Knowledge and appropriation have often been co-constructed. If our
ways of conceptualizing, representing, and manipulating life have
determined the ways in which intellectual property in living goods
has been defended, the opposite is in all probability also true. The
maintenance of large collections of plant varieties by horticultural
firms and governments relate not only to trademarks or certificates
of innovation, but also to natural history as a way of knowing and to
breeding as way of producing. In a similar vein, emerging interests
in the study of metabolic pathways during the 1920s and 1930s were
nurtured by the research activities of pharmaceutical firms using the
patentability of chemical processes to control the commercialization
of vitamins or hormones.
In order to shed new light on these issues, the workshop
will focus on how knowledge of and innovations in living organisms
and related technologies have been realized and how the products
achieved identification and protection as intellectual property in
the market place. Four forms of knowledge and innovation will be
given due consideration: a) natural history and classification with
its attendant collections, mutual gifts, certificates and trademarks;
b) the breeding of plants and animals; c) experimental biology (i.e.

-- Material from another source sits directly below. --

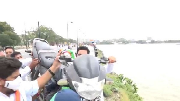ఇందులో భాగంగానే పెట్రోల్ మరియు డీజిలు ధర పెరుగుదలను నిరసిస్తూ హైదరాబాద్ యూత్ కాంగ్రెస్ కార్యకర్త నగరం నడిబొడ్డున ఉన్న హుస్సేన్ సాగర్ సరస్సులోకి బైక్ విసిరారు. ఈ సంఘటన సోషల్ మీడియాలో చాలా వైరల్ అవుతోంది. దేశవ్యాప్తంగా పెట్రోల్, డీజిల్ మరియు లిక్విడ్ పెట్రోలియం గ్యాస్ ధరల పెంపును ఖండిస్తూ ఈ విధంగా నిరసన వ్యక్తం చేశారు.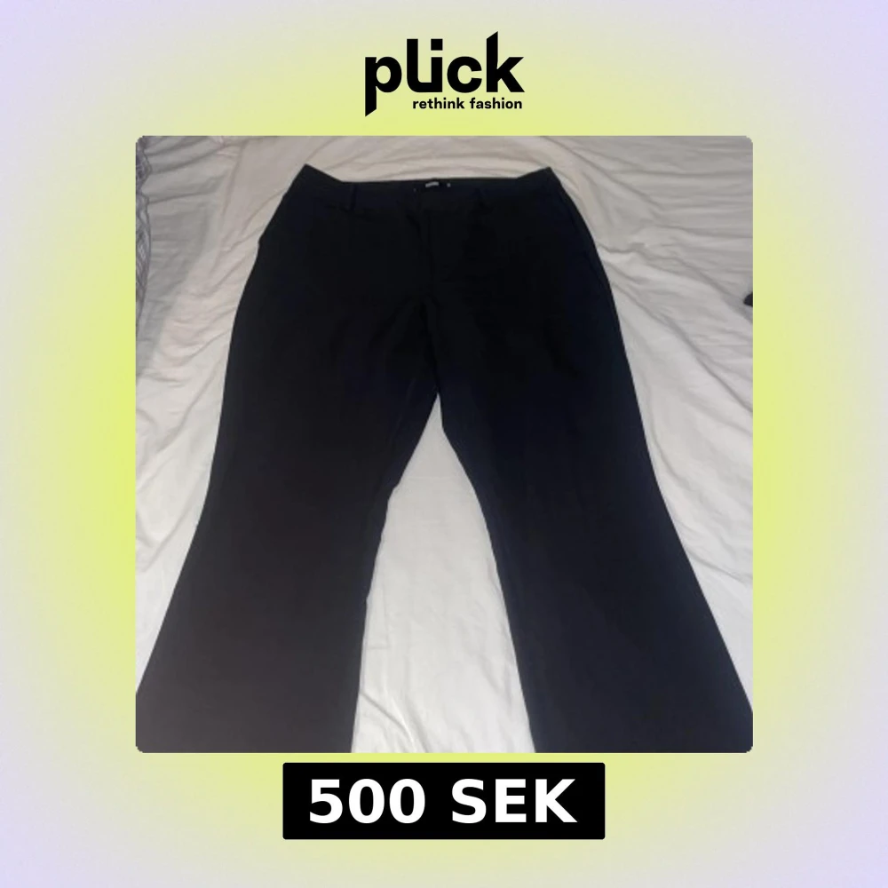 Snygga svarta kostymbyxor från BikBok i storlek 46. Byxorna har en klassisk design med rak passform och är perfekta för en stilren look. De är tillverkade i ett bekvämt material som ger en elegant känsla. Jag är 171 cm och byxorna går hela vägen ner till o med under mina fötter

genetic, bacteriology and biochemistry) with its growing ability to
manipulate and patent “pure” organisms, molecules or metabolic
pathways; and d) modern biotechnology with its emphasis on sequences,
broadened intellectual property rights, and upstream control of life
“itself”.
Case studies – eventually comparative across time and place - are
especially welcomed. They may investigate various objects, including
but not limited to:
the trajectory of a certain type of commodity revealing the interplay
between different forms of appropriation, i.e. trade secrets, trade
associations, technical monopolies, trademarks, certificates, and
patents;
public controversies that resulted in significant changes of
intellectual property laws;
the legal processes, i.e. patent office deliberations or court cases,
that have had a pivotal role in the development of jurisprudence
about intellectual property;
the activities of academic institutions or private firms involved in
R&D and in the capture and management of the property rights in the
results;
the systems of exchange, distribution and collective access such as
UPOV certification that have historically been juxtaposed with or
opposed to patents.
Proposals in the form of an abstract are due November 1st 2007.
Decisions will be made during the following weeks. Proposals should
be sent in electronic form to both Daniel J. Kevles at Yale
([log in to unmask]) and Jean-Paul Gaudillière at INSERM
([log in to unmask]). The organizing institutions will cover travel
costs and accommodation for the invited participants.